B. The original MCCFR algorithm is unreliable in updating the regret value in a single iteration, so that the regret value is always ensured to be updated according with expectation by increasing the iteration round number, different game player strategies are updated alternately by using an interval updating and parallel Monte Carlo sampling method, the randomness of sampling the action of a random event in the original MCCFR algorithm only once can be obviously reduced, the traversal degree of the algorithm on a game tree is increased on the premise of ensuring that the time overhead of the single iteration of the algorithm is basically unchanged, the game tree is more suitable for processing the game problem with a high action dispersion degree of the random event, and the performance of the final strategy generation of the algorithm is improved.

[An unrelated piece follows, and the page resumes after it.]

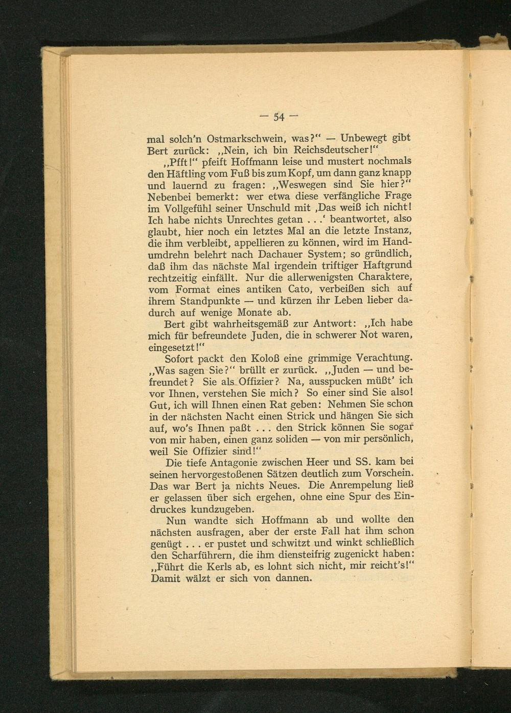 Sofort packt den Koloß eine grimmige Verachtung. ,, Was sagen Sie?" brüllt er zurück. ,, Juden- und befreundet? Sie als Offizier? Na, ausspucken müßt' ich vor Ihnen, verstehen Sie mich? So einer sind Sie also! Gut, ich will Ihnen einen Rat geben: Nehmen Sie schon in der nächsten Nacht einen Strick und hängen Sie sich auf, wo's Ihnen paßt... den Strick können Sie sogar von mir haben, einen ganz soliden- von mir persönlich, weil Sie Offizier sind!"

The action sampling is used for replacing the arrival probability weighting in the original MCCFR algorithm to calculate the finally output blueprint strategy, and compared with the original algorithm for averaging based on the arrival probability and the regret value, the method reduces the deviation of the finally generated strategy possibly brought by the abnormal integral regret value in a certain round of strategy iteration, and improves the stability and the robustness of the algorithm.
In step 3, distributed storage and updating are carried out on the blueprint strategy by utilizing a hash algorithm of the characteristic character string.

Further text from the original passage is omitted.